## WHAT TO DO
Would you restate all of the entries verbatim, minus any images?

## DATASET ENTRIES
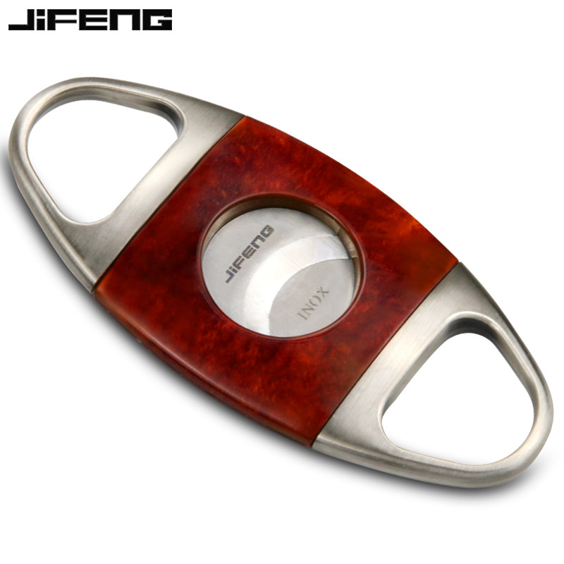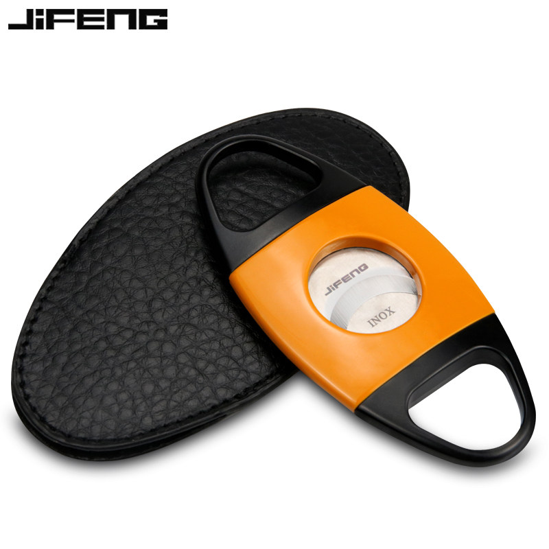 JIFENG Monsoon Cigar Cut Portable Cigar Knife Stainless Steel Cigar Pliers Professional Smoke With Double Edge Scissors Leather Sleeve-Taobao
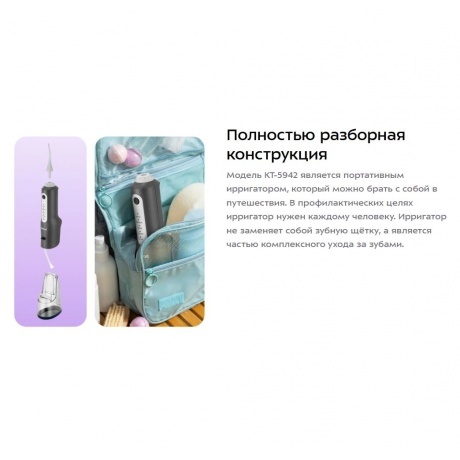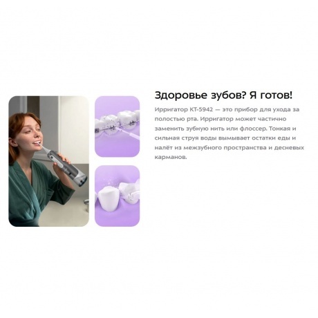 Ирригатор КТ-5942 — это прибор для ухода за полостью рта. Ирригатор может частично заменить зубную нить или флоссер. Тонкая и сильная струя воды вымывает остатки еды и налёт из межзубного пространства и десневых карманов.
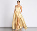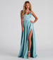 Radiate effortless elegance in our sophisticated satin Juliet gown! She features adjustable spaghetti straps. a V-neck seamed bodice with light padding at bust. a high-seam waist. and a long. gently pleated A-line skirt with pockets at either hip and a dramatic center front slit. Juliet is fully lined and made from a smooth. shiny satin-like woven fabric with a touch of stretch. Pair this beautiful dress with a shimmering rhinestone necklace for a glamorous look.
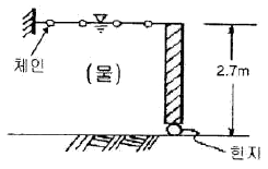 폭 4.8m, 높이 2.7m의 연직 직사각형 수문이 한쪽 면에서 수압을 받고 있다. 수문의 밑면은 힌지로 연결되어 있고 상단은 수평체인(Chain)으로 고정되어 있을 때 이 체인에 작용하는 장력(張力)은? (단, 수문의 정상과 수면은 일치한다.)
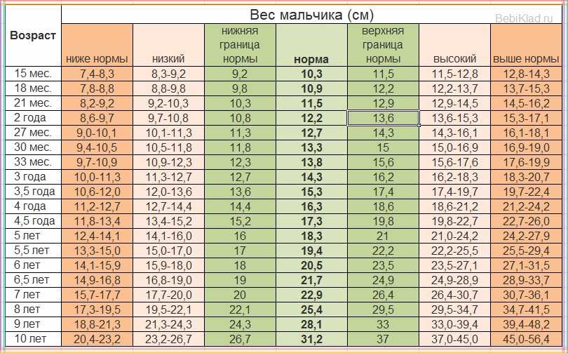 Нормы веса четырёхлетних детей
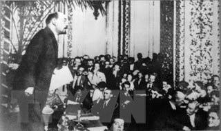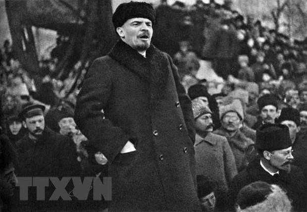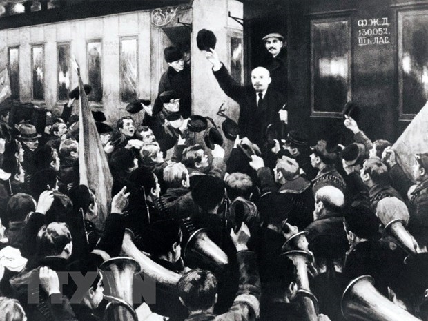 Ngày 16/4/1917 (3/4 theo lịch Nga cũ), V.I.Lenin từ Phần Lan trở về Nga để lãnh đạo phong trào cách mạng. Hàng vạn quần chúng đã tổ chức tuần hành, míttinh để chào đón người con ưu tú của nước Nga tại nhà ga Phần Lan ở thành phố Petrograd (trong ảnh). Tại đây, Lenin trình bày Luận cương Tháng Tư, một văn kiện mang tính cương lĩnh đề ra đường lối giành chiến thắng cho cuộc cách mạng xã hội chủ nghĩa với khẩu hiệu Tất cả chính quyền về tay các Soviet!” (Ảnh: Tư liệu/TTXVN)
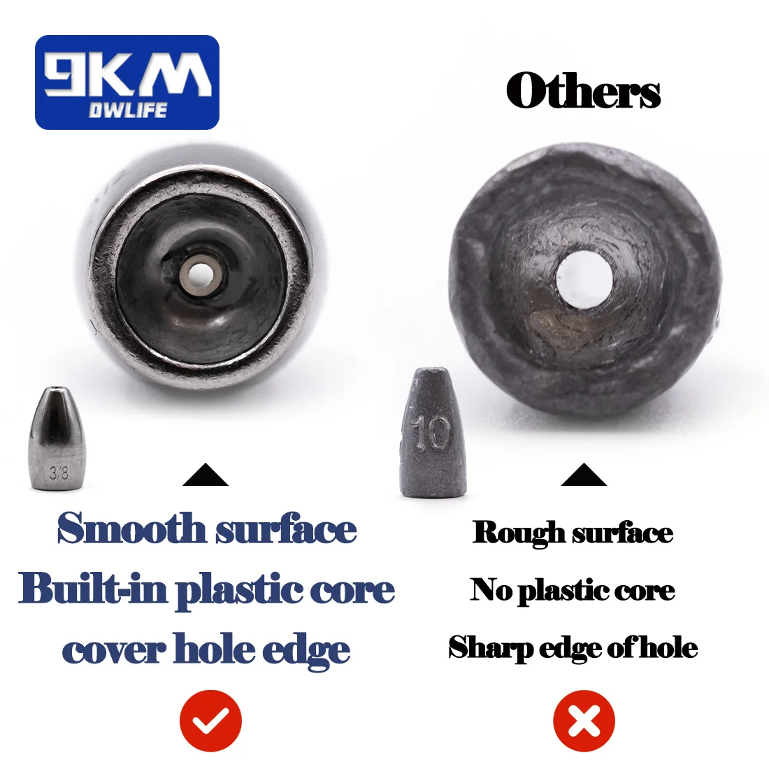 Las plomadas de pesca tipo bala se pueden utilizar como pesas deslizantes en varias configuraciones de aparejo.Se puede utilizar con anzuelos desplazados EWG, cebo blando de gusano de plástico y cuentas de pesca.
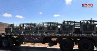 حماة-سانا وصلت قافلة من التجهيزات والمعدات والمحولات الكهربائية إلى محافظة حماة
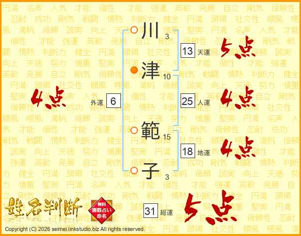 川(3画)津(10画) 範(15画)子(3画)
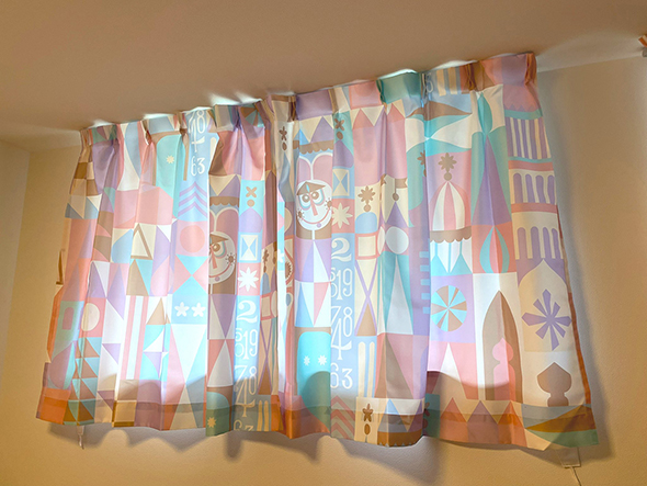 グリーンやピンクといったカラフルな色がたくさん使われたカーテンは、一見幾何学柄のようにも見えますが……。実はこれ、東京ディズニーランドのアトラクション「イッツ・ア・スモールワールド」の外観を模した柄になっているのです! 積み木のような建物や時計がデフォルメされたキュートな柄は、ディズニー好きにはたまりません。
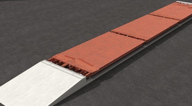 Pont bascule modulaire béton avec têtières omnidirectionnel, en version hors sol ou encastré. - Dimensions de 6 à 18 x 3 m selon modèle - Porté maximale de 30 à 60 T selon modèle - Hauteur : 310 mm (standard) ou 300 m (avec cuvelage) - Pont béton avec têtières métalliques - Peut ê
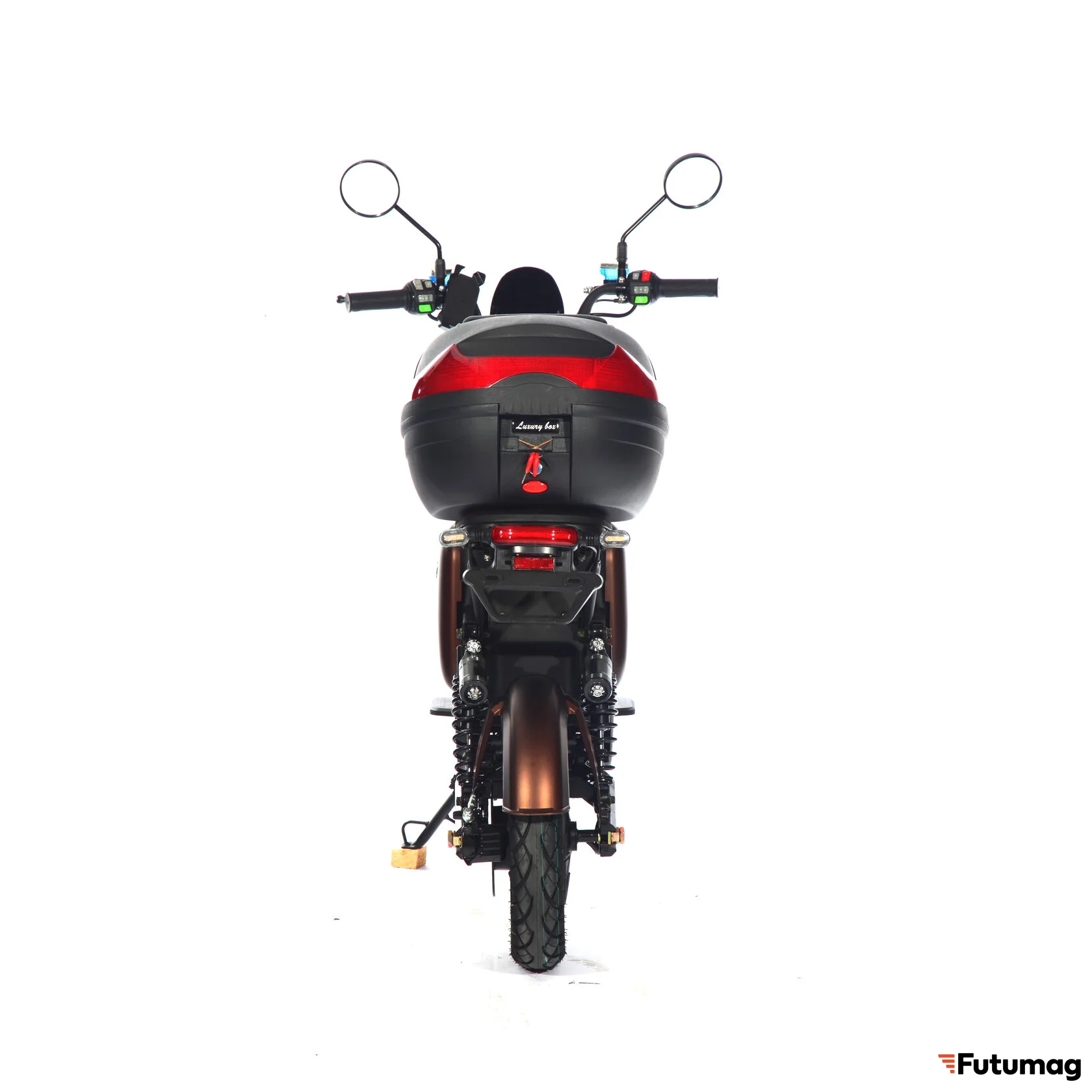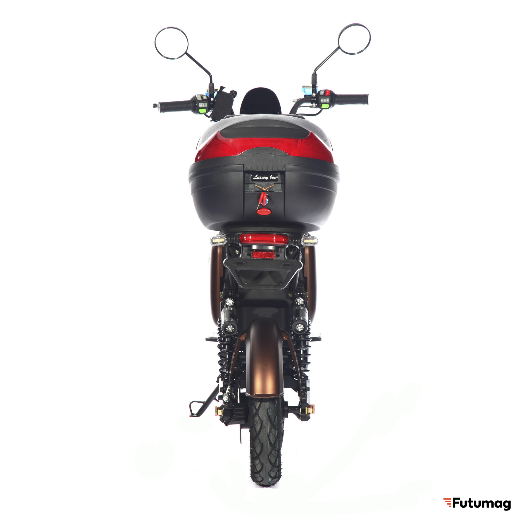 Скутер оснащен LED-дисплеем с показанием вольтажа, аварийным сигналом и встроенной передней LED-фарой, что обеспечивает безопасность в темное время суток. Передние и задние LED-поворотники, а также зеркала заднего вида повышают видимость на дороге.
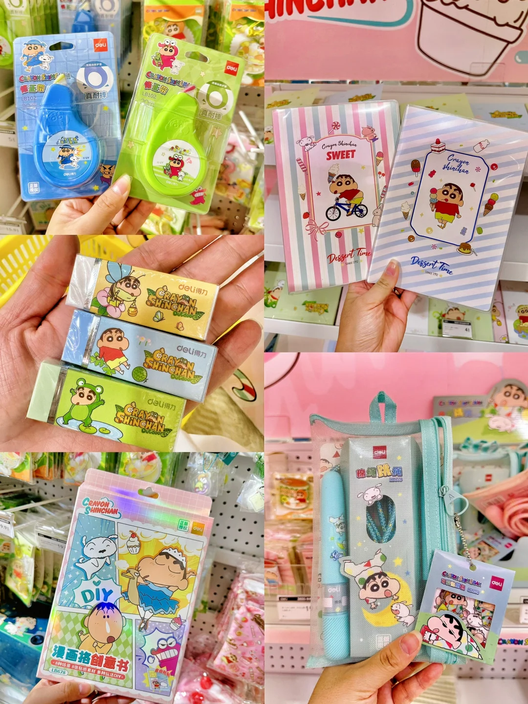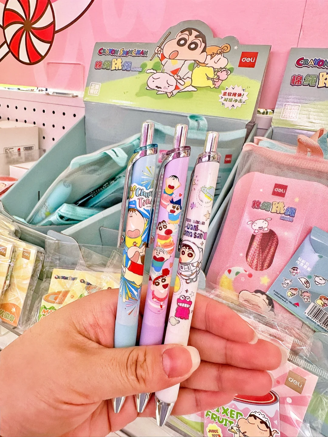 还有蜡笔小新斜挎包、收纳包、文件袋、盲盒中性笔、摇摇磁扣本…超多周边!!小新控简直挑到手软!🥰
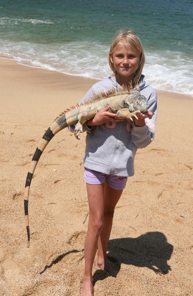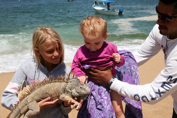 When we arrived at Yalapa, the girls posed with the resident iguana. Page tried to poke its eyes out, but the other two girls were sweet to the poor reptile.

## ANSWER SECTION
 JIFENG Monsoon Cigar Cut Portable Cigar Knife Stainless Steel Cigar Pliers Professional Smoke With Double Edge Scissors Leather Sleeve-Taobao
 Ирригатор КТ-5942 — это прибор для ухода за полостью рта. Ирригатор может частично заменить зубную нить или флоссер. Тонкая и сильная струя воды вымывает остатки еды и налёт из межзубного пространства и десневых карманов.
 Radiate effortless elegance in our sophisticated satin Juliet gown! She features adjustable spaghetti straps. a V-neck seamed bodice with light padding at bust. a high-seam waist. and a long. gently pleated A-line skirt with pockets at either hip and a dramatic center front slit. Juliet is fully lined and made from a smooth. shiny satin-like woven fabric with a touch of stretch. Pair this beautiful dress with a shimmering rhinestone necklace for a glamorous look.
 폭 4.8m, 높이 2.7m의 연직 직사각형 수문이 한쪽 면에서 수압을 받고 있다. 수문의 밑면은 힌지로 연결되어 있고 상단은 수평체인(Chain)으로 고정되어 있을 때 이 체인에 작용하는 장력(張力)은? (단, 수문의 정상과 수면은 일치한다.)
 Нормы веса четырёхлетних детей
 Ngày 16/4/1917 (3/4 theo lịch Nga cũ), V.I.Lenin từ Phần Lan trở về Nga để lãnh đạo phong trào cách mạng. Hàng vạn quần chúng đã tổ chức tuần hành, míttinh để chào đón người con ưu tú của nước Nga tại nhà ga Phần Lan ở thành phố Petrograd (trong ảnh). Tại đây, Lenin trình bày Luận cương Tháng Tư, một văn kiện mang tính cương lĩnh đề ra đường lối giành chiến thắng cho cuộc cách mạng xã hội chủ nghĩa với khẩu hiệu Tất cả chính quyền về tay các Soviet!” (Ảnh: Tư liệu/TTXVN)
 Las plomadas de pesca tipo bala se pueden utilizar como pesas deslizantes en varias configuraciones de aparejo.Se puede utilizar con anzuelos desplazados EWG, cebo blando de gusano de plástico y cuentas de pesca.
 حماة-سانا وصلت قافلة من التجهيزات والمعدات والمحولات الكهربائية إلى محافظة حماة
 川(3画)津(10画) 範(15画)子(3画)
 グリーンやピンクといったカラフルな色がたくさん使われたカーテンは、一見幾何学柄のようにも見えますが……。実はこれ、東京ディズニーランドのアトラクション「イッツ・ア・スモールワールド」の外観を模した柄になっているのです! 積み木のような建物や時計がデフォルメされたキュートな柄は、ディズニー好きにはたまりません。
 Pont bascule modulaire béton avec têtières omnidirectionnel, en version hors sol ou encastré. - Dimensions de 6 à 18 x 3 m selon modèle - Porté maximale de 30 à 60 T selon modèle - Hauteur : 310 mm (standard) ou 300 m (avec cuvelage) - Pont béton avec têtières métalliques - Peut ê
 Скутер оснащен LED-дисплеем с показанием вольтажа, аварийным сигналом и встроенной передней LED-фарой, что обеспечивает безопасность в темное время суток. Передние и задние LED-поворотники, а также зеркала заднего вида повышают видимость на дороге.
 还有蜡笔小新斜挎包、收纳包、文件袋、盲盒中性笔、摇摇磁扣本…超多周边!!小新控简直挑到手软!🥰
 When we arrived at Yalapa, the girls posed with the resident iguana. Page tried to poke its eyes out, but the other two girls were sweet to the poor reptile.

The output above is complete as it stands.